Bu aşamadan sonra yaşanacak temel zorluk, yeni müşteri kazanımı ile birlikte, müşterilerin elde tutulması olacaktır. Priori Data ve Finder tarafından yapılan bir araştırmaya göre; öncü kabul edilen Monzo, Revolut ve Starling müşterilerinin %47’si hesabında 1,000 Sterlin daha az para tutuyor ve nakitlerini daha güvende hissettikleri geleneksel bankalarda tutmayı tercih ediyorlar. COVID-19 ile birlikte bu algıyı yıkmaya çalışan bankalara en büyük destek ise Birleşik Krallık örneğinde devletten geldiği söylenebilir. Krizde ardı adına kredi ve hibe paketi açıklayan hükümet, bu fonları bankalar üzerinden halka ulaştırırken, büyük bankalar ani karara uyum sağlayamadı ve insanların alternatif aramasına sebep oldular. Verilecek kredinin tamamının devlet garantisinde olmasına karşın, Barclays’in sistemsel hatalardan dolayı haftalarca müşterilerini krizle baş başa bıraktığı ve yalnızca %37’sine bu krediyi verebildiği ortaya çıktı.

Diğer yanda Lloyds, yeni Business hesap başvuru alamayacağını açıkladı. Buna karşılık, Starling Bank öncülüğünde Challenger Bankalar konsorsiyum oluşturarak Merkez Bankasından akreditasyon aldı ve kredi verebilir hale geldi. Tüm başvuru süreçleri zaten dijital ortamda yürüttüğü için de yeni müşteri kazanmaya devam etti. Sadece Starling Bank’ın 19.000 Kobi’ye toplam 500 Milyon Sterlin kredi verdiğini belirtelim. Üstelik de kredi onayında “ana banka olarak Starling kullanma şartı” konulduğu için de binlerce sadık müşteri kazandı. Kredinin ilk yıl geri ödemesiz olacak şekilde 6 yıl vade ile verildiği düşünüldüğünde, aslında sürecin Fintech ve Challenger Bankalar için ne kadar büyük bir fırsat yarattığı görülebilir.

Sonuç olarak bundan sonraki süreçte, yaşanacak asıl zorluk müşterileri elde tutma, kurumsallaşmaya yatırım yapma olacaktır. Geleneksel bankalara göre daha hızlı ve müşteri dostu olduklarına ikna etmeye çalışırken, güvenli bir hizmet sunmaya çalışacaklardır. Küçük işletmeler büyük bankalardan kredi almakta zorlanırken, Challenger bankalar bu boşluğu doldurmak için daha atak davranacaklardır.

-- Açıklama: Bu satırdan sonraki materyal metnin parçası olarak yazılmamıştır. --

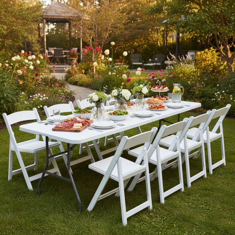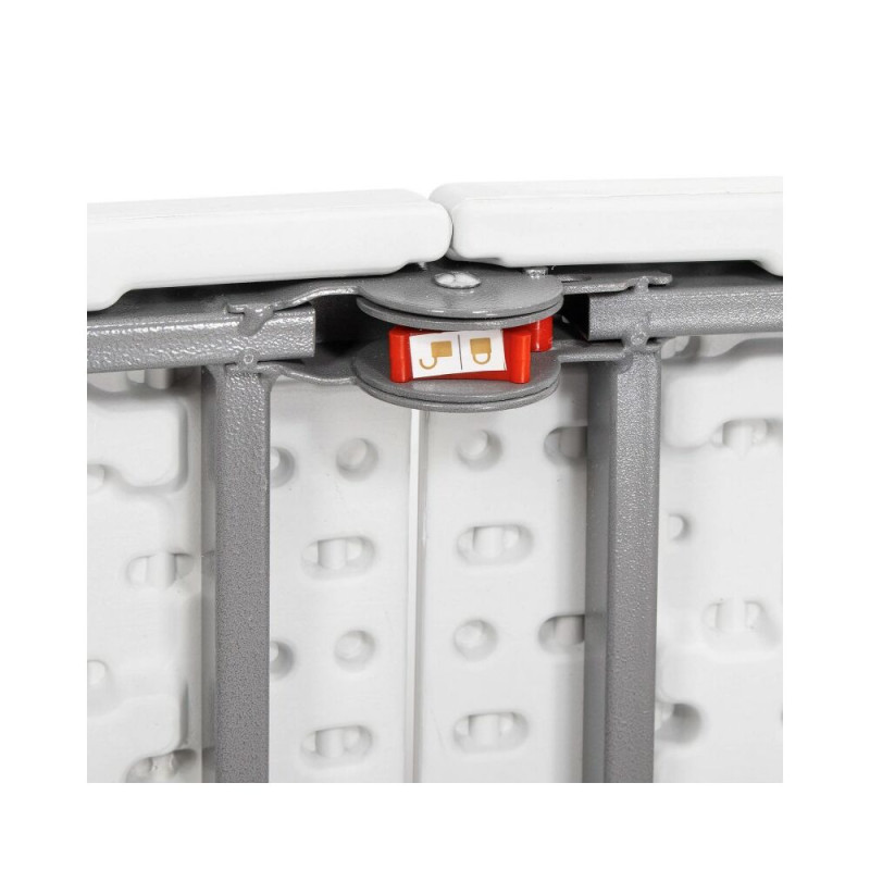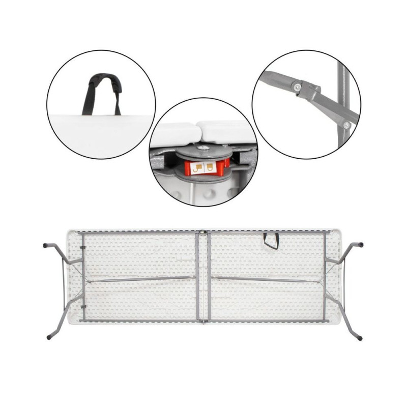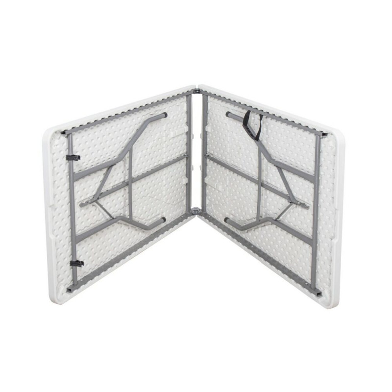Stůl je vyroben z materiálů odolných vůči povětrnostním podmínkám, což umožňuje jeho využití i ve venkovním prostředí. Skládací provedení s praktickým zámkem proti samovolnému složení a pohodlnou rukojetí usnadňuje manipulaci i přepravu – po složení se snadno vejde do kufru auta. Snadná údržba a univerzální bílá barva z něj dělají funkční a estetický doplněk pro každou příležitost.
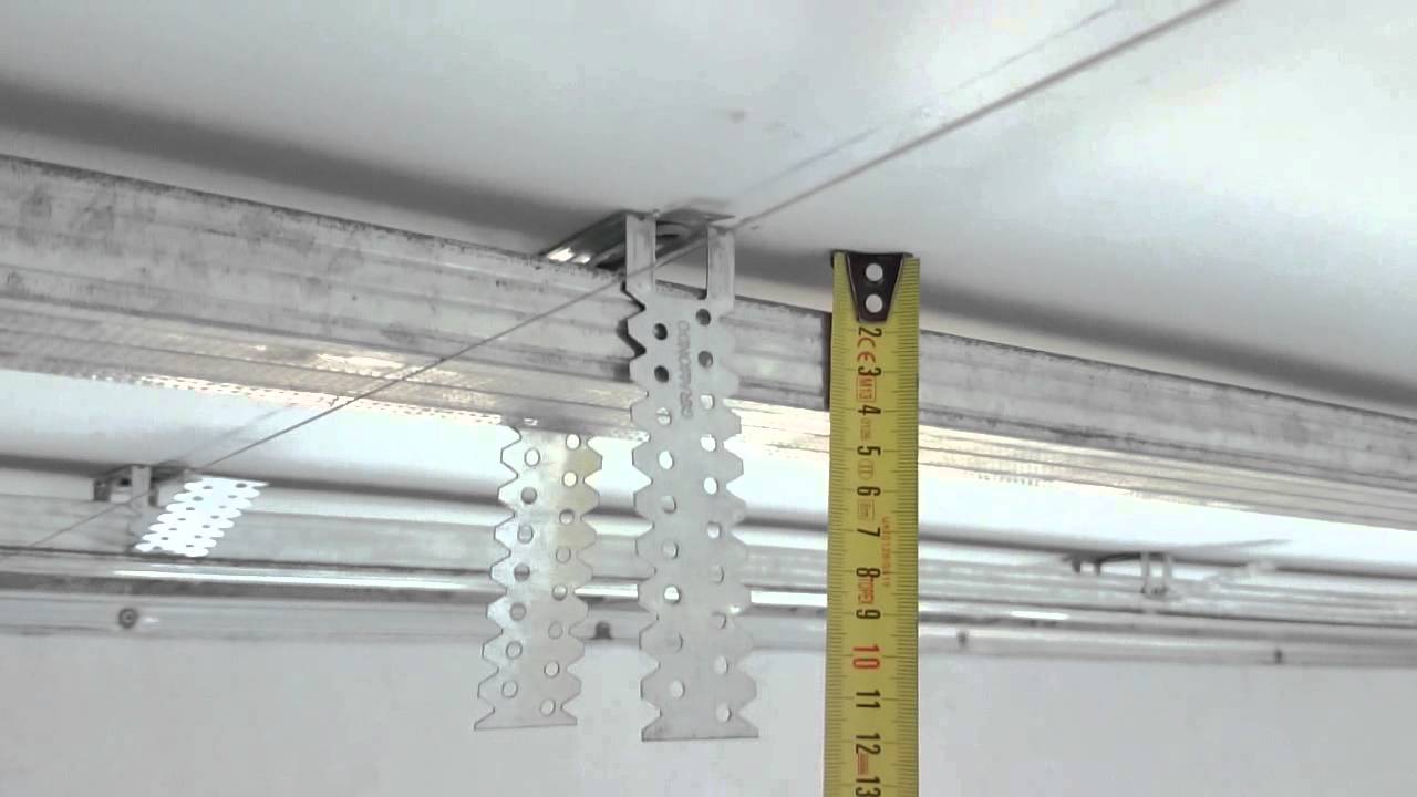 Contamos el número de suspensiones necesarias. La distancia entre ellos es de 60 cm.Según los cálculos anteriores, obtenemos que para un paso de fijación de 40 cm, esta cifra será de 45: 0.6 = 75 piezas, a su vez, para un paso de 50 cm - 36: 0.6 = 60 piezas.
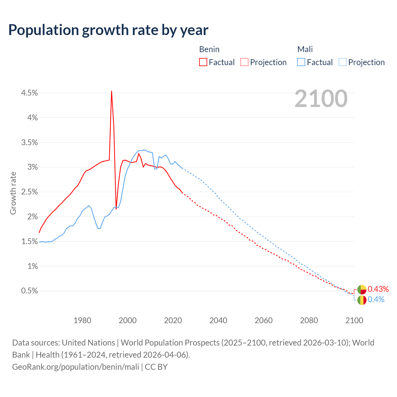- For the last 10 years, Benin has had an average growth rate of +2.77% per year vs +3.12% in Mali.
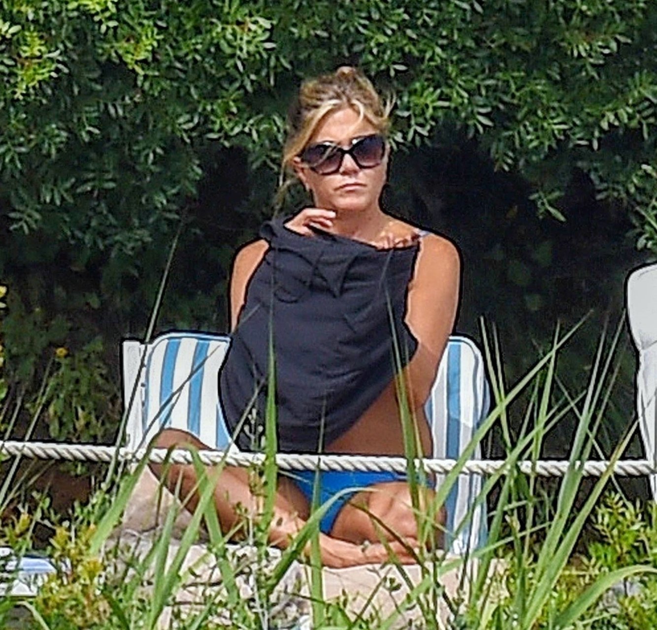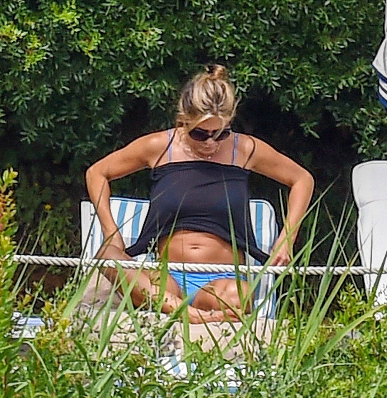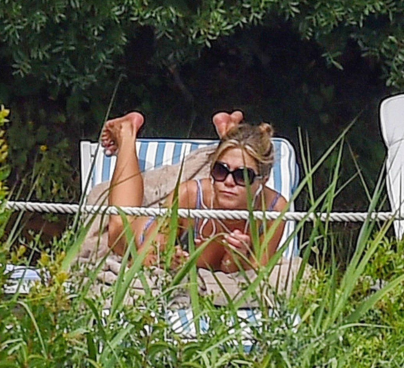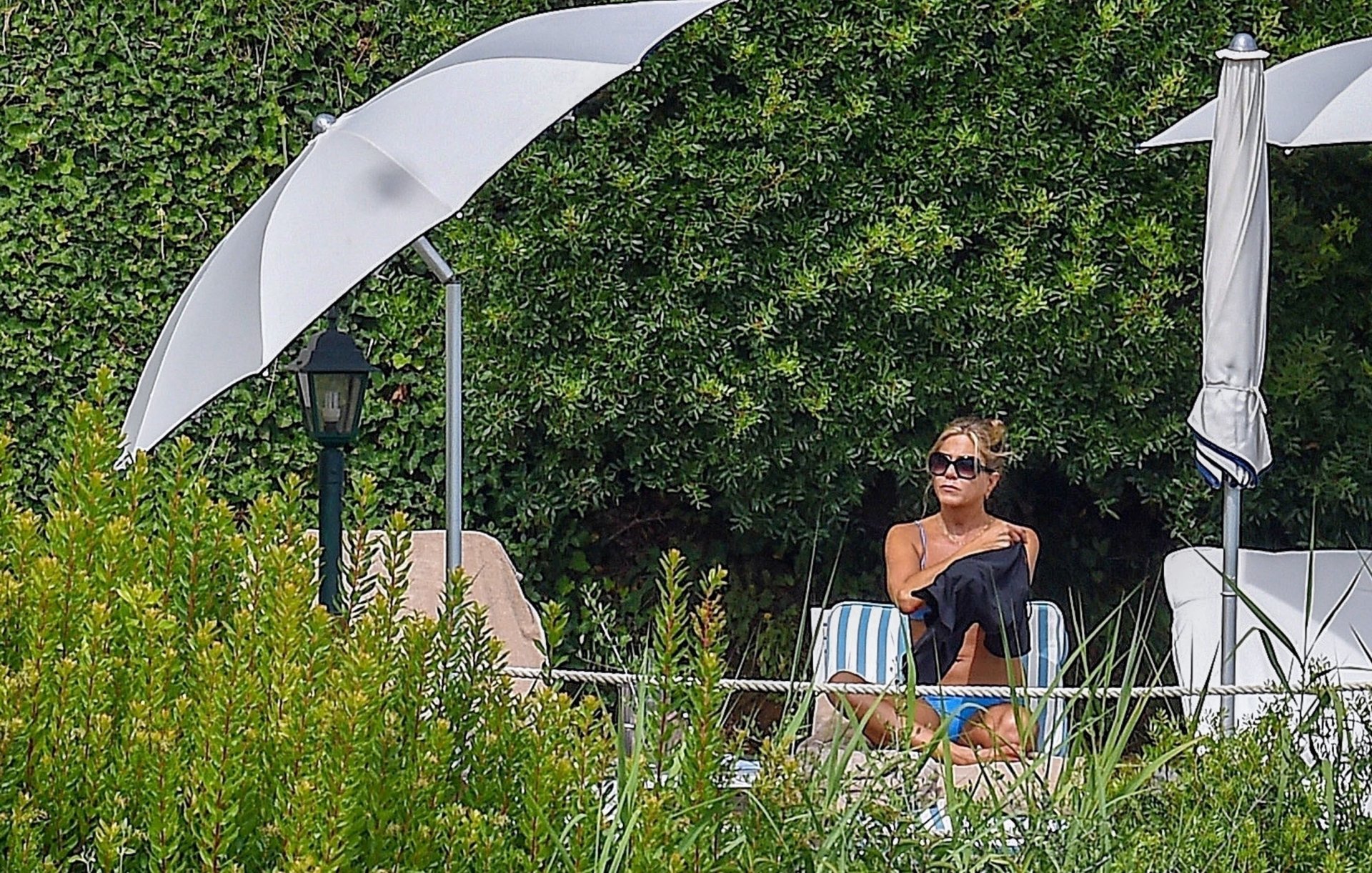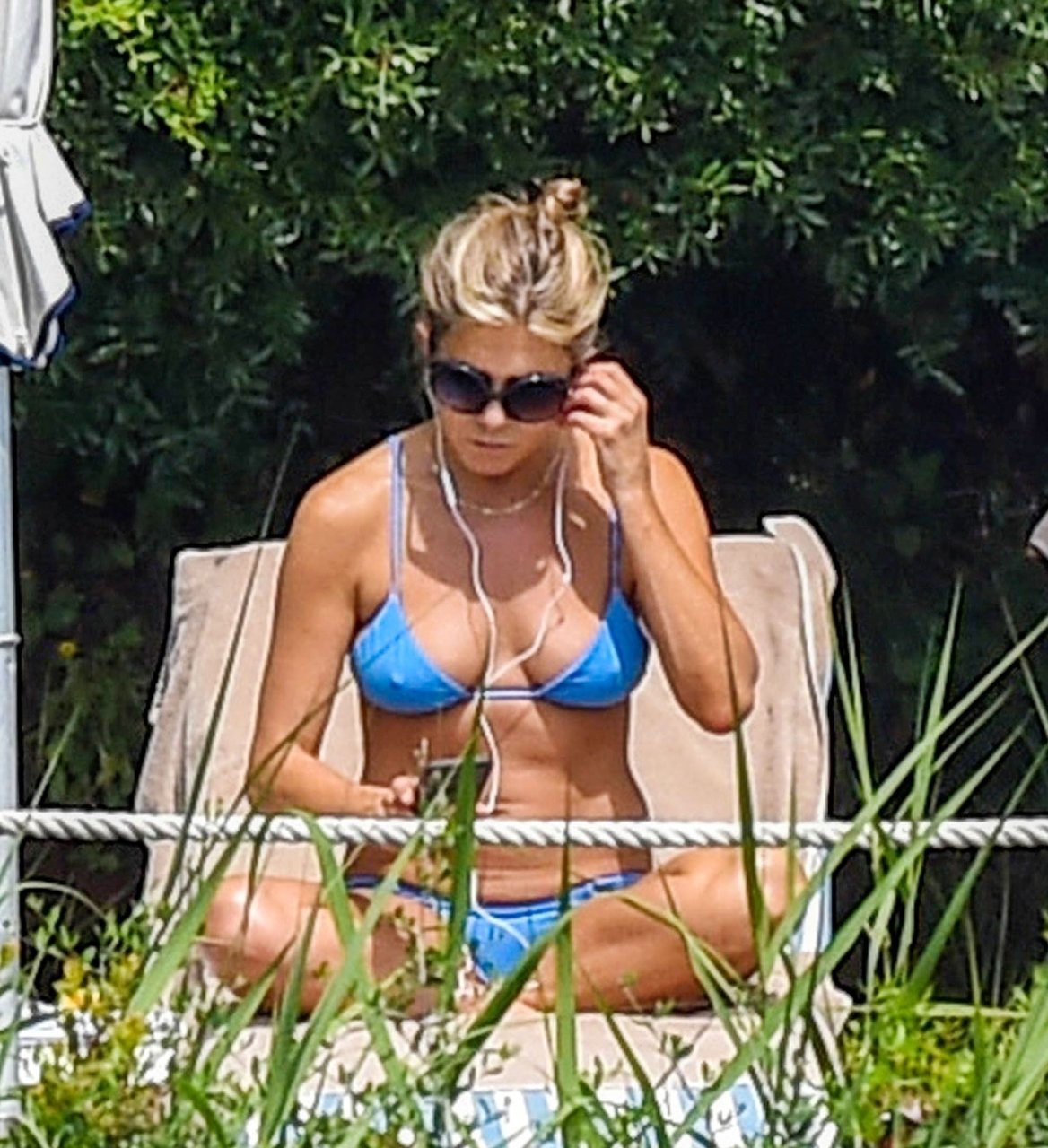 La actriz estadounidense Jennifer Aniston (49) muestra su cuerpo tonificado en bikini mientras es fotografiada relajándose junto a la piscina en Portofino antes de que comiencen las filmaciones de su nueva película “Murder Mystery”, 22/07/2018.
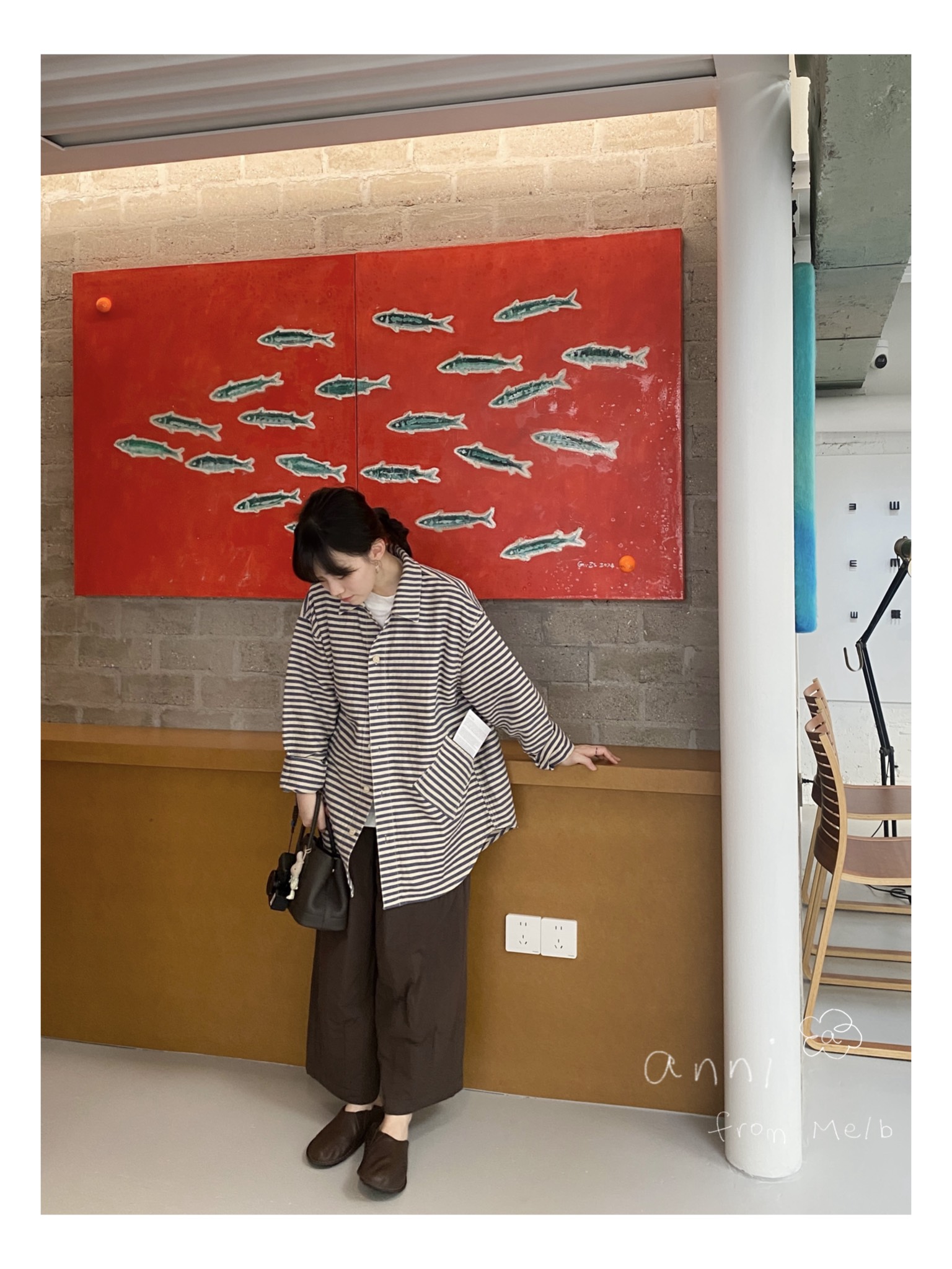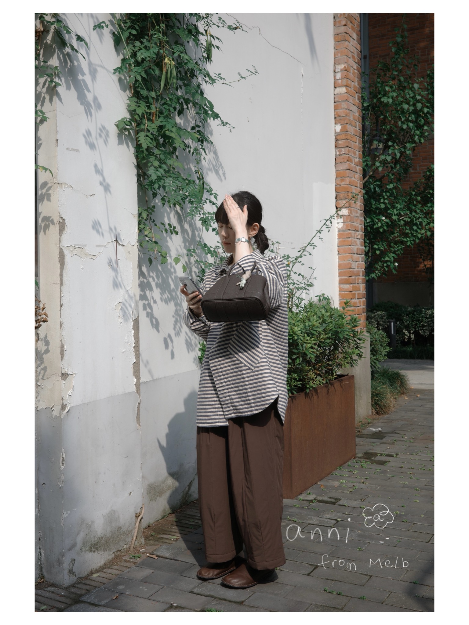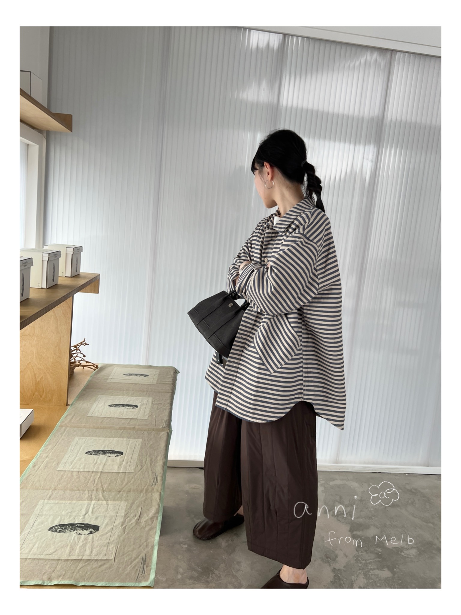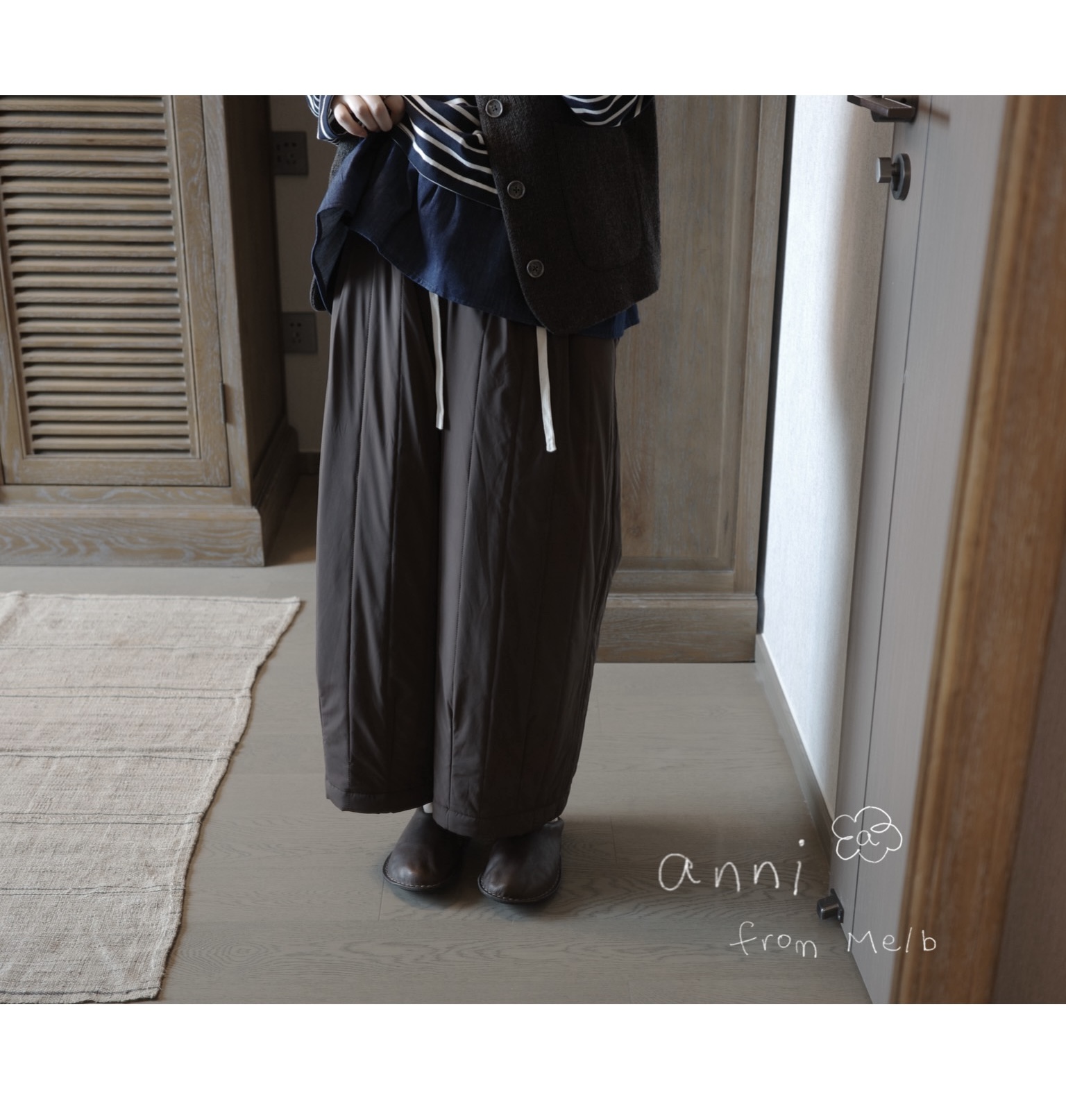 Anni Japanese Imported Ultra-Light Fabric 3m Thermal Fleece Vertical Wide Stripe Cotton Casual Pants, Unique Cotton Pants

Öte yandan, pandeminin odak noktasını oluşturan sosyal mesafe ile sonucunda ortaya çıkan nakit kullanımındaki düşüş, kartlı ödemelerdeki artışı da beraberinde getirdi. Fintech şirketerine sorulan ilk soru olan “nakit yatırma ve çekme” işlemine olan ihtiyaç azaldı. Birleşik Krallık da dahil olmak üzere birçok AB ülkesi temassız ödeme limitlerini artırdı. Limitler Birleşik Krallık’ta 30 Sterlin’den 45 Sterline yükseltildi. Online bankacılığa kaydolan 65 yaş üstü kullanıcı sayısı Birleşik Krallık’ta %63 arttı. Online bankacılığa soğuk bakan bu müşteri grubu, bir varsayılan olarak dijital bankacılık uygulamalarını benimsemeye zorladı. Bu müşteriler dijital olarak bankacılık yapmanın ne kadar uygun olduğunun farkına vardıkça, fiziksel şubelere dönme olasılıkları da o kadar düşük olacaktır.